‘Is this real?’: Three generations of Altadena family lose their home in the Eaton fire

A week after the Eaton Fire destroyed thousands of homes in Altadena, the scale of the disaster is starting to come into focus, but it still feels surreal for a multigenerational family.

Three generations of Danielle Stone’s family lost three homes in the fire. A myriad of memories and photos are gone, but like many Altadena homeowners, the horrific reality still feels like a dream.

“It feels strange that we can’t go home,” she said. “It doesn’t feel so real. You go to sleep and you wake up and you’re like, ‘Is this real?'”

The neighborhood, located at the foot of the mountains, lies smoldering, level, unrecognizable and off limits to local residents with 16 confirmed dead and more expected to be found as emergency officials search the wreckage. More than 4,700 structures were destroyed, displacing thousands of families and, in some cases, uprooting several generations from a community they called home for decades.

Danielle (“Dani”), 37, and her husband Bryan Davila, 35, bought their first home in 2022 on Wapello Street, about half a mile from where hiking trails lead into the Altadena foothills and about a mile away from her childhood home, where her parents now live.

The remains of a home at 920 Wapello St. will be shown Thursday in Altadena.

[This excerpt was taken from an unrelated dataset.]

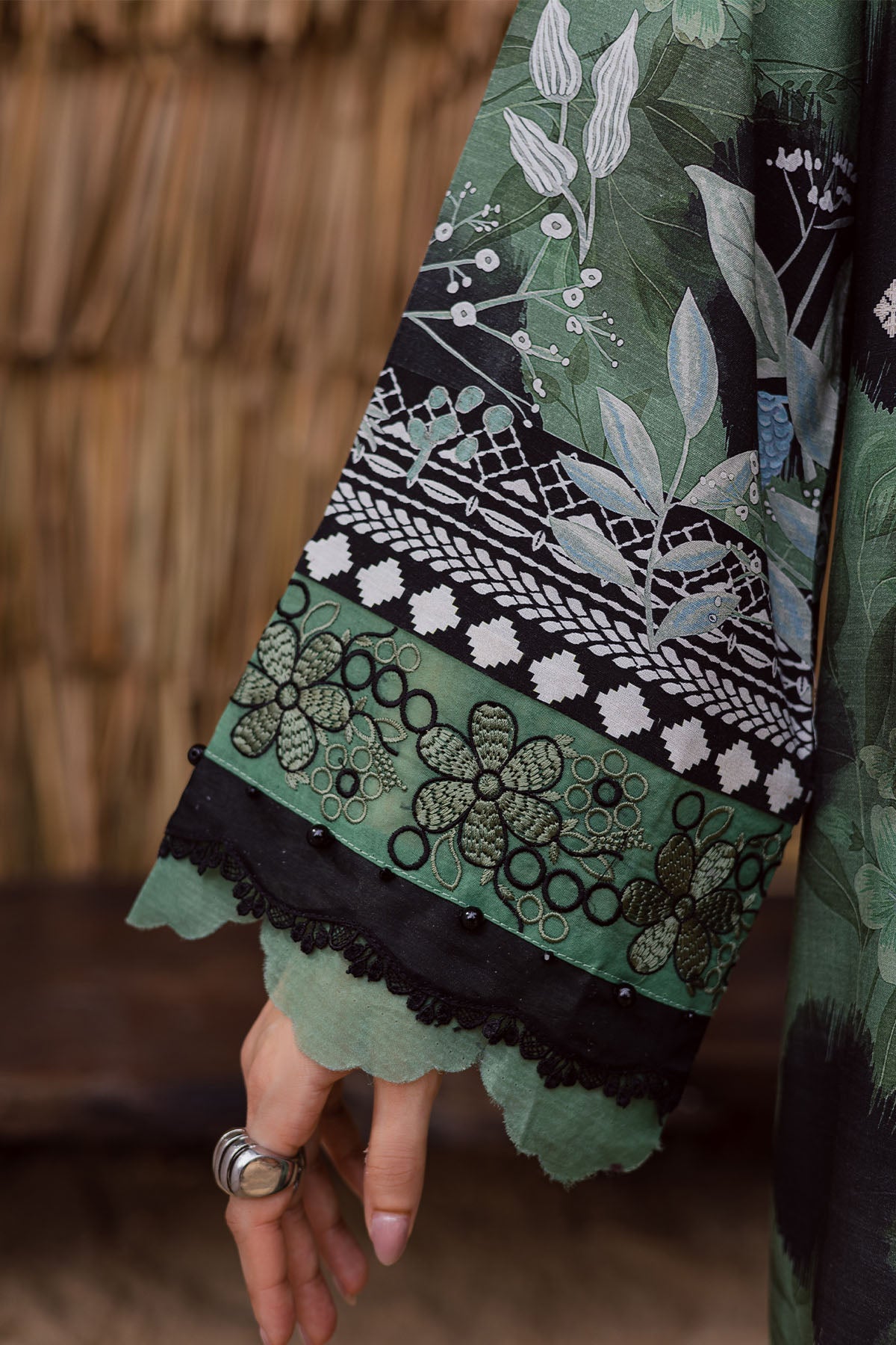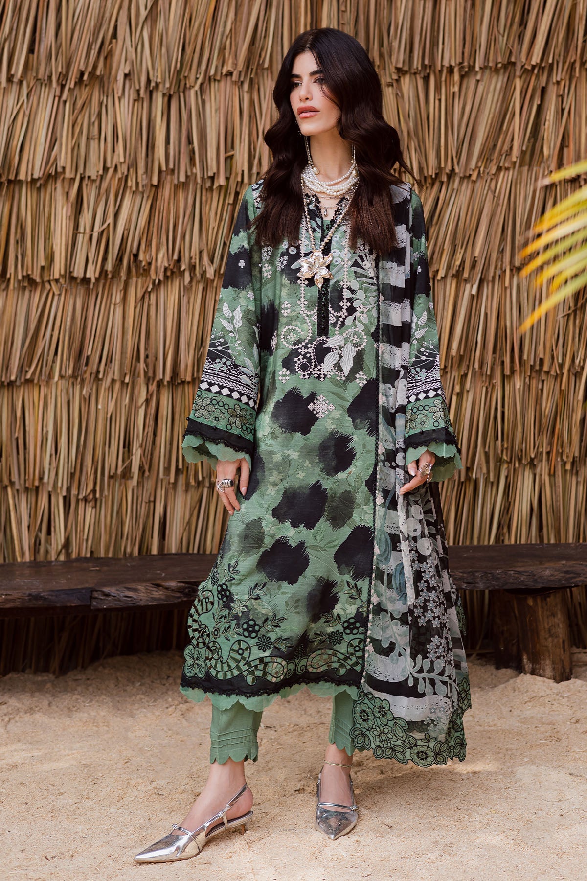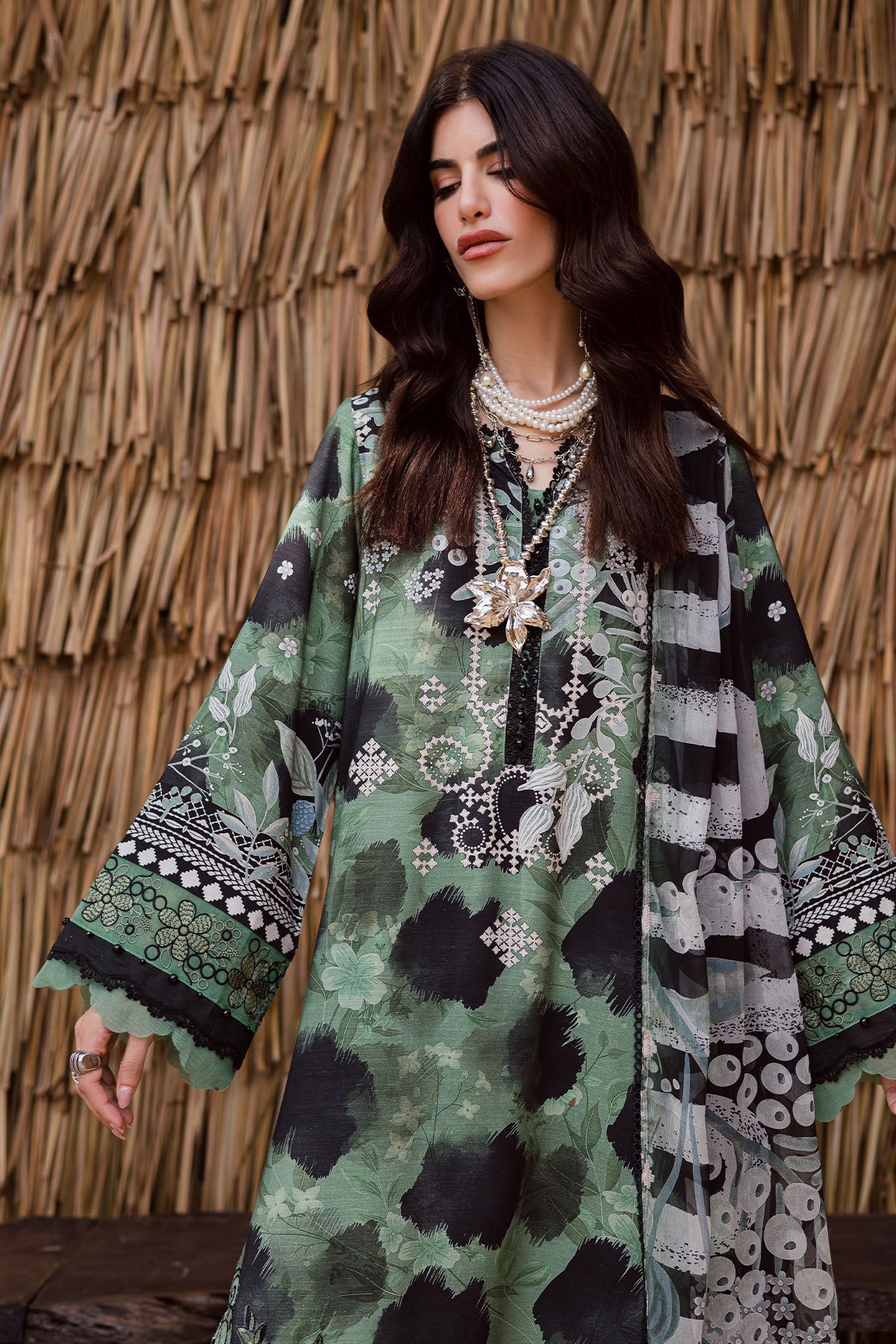 Summary: Embrace timeless elegance with the Nureh Gardenia Pakistani suit. This outfit features a sophisticated green kameez crafted from premium Viscose Slub Linen, an ideal fabric for the cooler Fall/Winter season. The shirt showcases a beautiful blend of contemporary prints and delicate embroidery around the neckline and hem, offering a graceful silhouette. As an unstitched Pakistani dress, it allows for bespoke tailoring. This versatile ethnic wear is perfect for formal gatherings and festive occasions, making it a standout addition to your wardrobe. Ideal for creating a chic, memorable look at any formal event.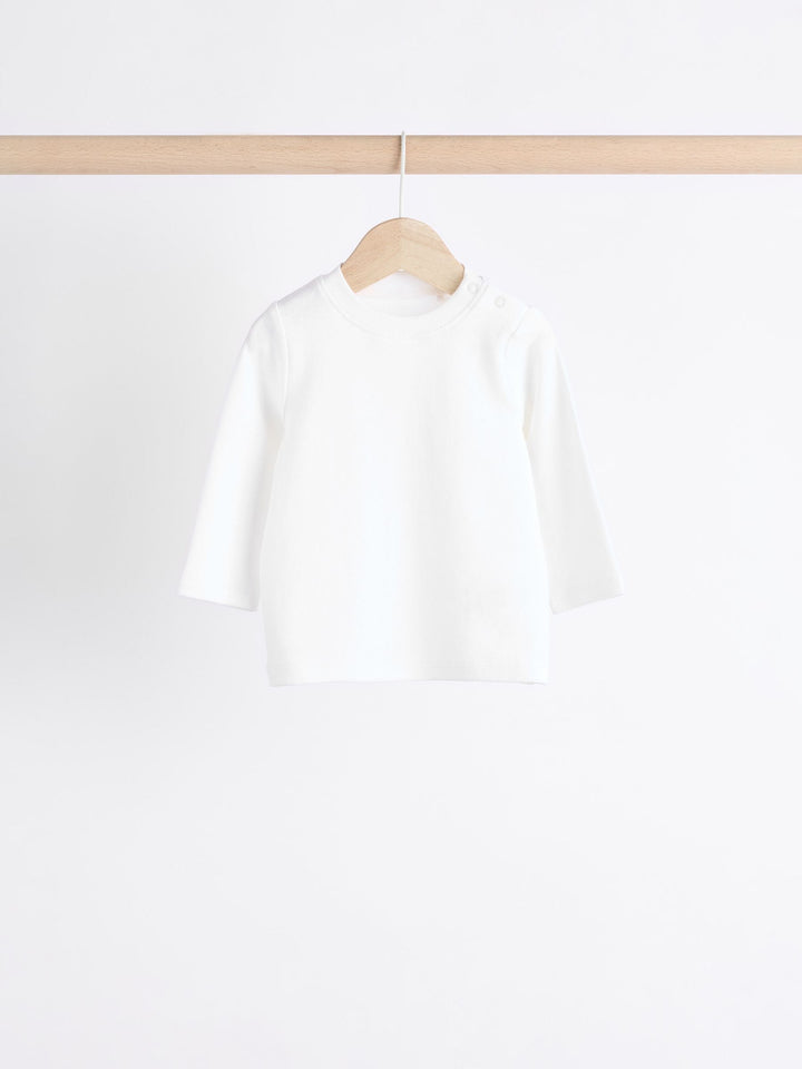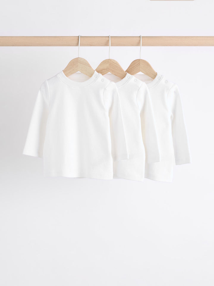 White Long Sleeve 100% Cotton T-Shirts 3 Pack (0mths-2yrs)

The remains of a home at 920 Wapello St. will be shown Thursday in Altadena. Danielle Stone and Bryan Davila lost their home in the Eaton fire. Three generations of their family lost three homes in the fire. (

(Ringo Chiu/For The Times)

It was important to her to establish family roots in Altadena, where her parents raised Stone and her sister, and where her grandmother raised six children. All three residences are within two miles of each other.

The year after they moved into their home, Stone and Davila welcomed their daughter, Melina. It was the home where she learned to walk, and every morning they showed her the nearby mountains from their wooden deck.

“We would take Mely out and call them Mely’s Mountains because it was such a beautiful view,” Stone said.

A woman covers her mouth as she and her husband view photos of their damaged home on a laptop.

Danielle Stone reacts as she and husband Bryan Davila look at photos of their damaged home on a laptop Thursday at their friend’s house in Hacienda Heights.

(Ringo Chiu / For The Times)

But that prospect turned to horror on the evening of Jan. 7 when Santa Ana winds ripped through the foothills and a fire ignited in Eaton Canyon.

There was little time to think that evening. Like so many in the foothill community, the couple packed their essentials. They called her father, Rene Stone, to come over and assess the situation. They also tried to put their daughter to bed.

Davila told his wife to pack as if she would never see her home again.

“But even though I said that, I think with that mindset … you still don’t really believe it,” he said. “A lot was lost because honestly in my heart I thought I was going to come home again.”

A toddler at her grandparents' home in Altadena.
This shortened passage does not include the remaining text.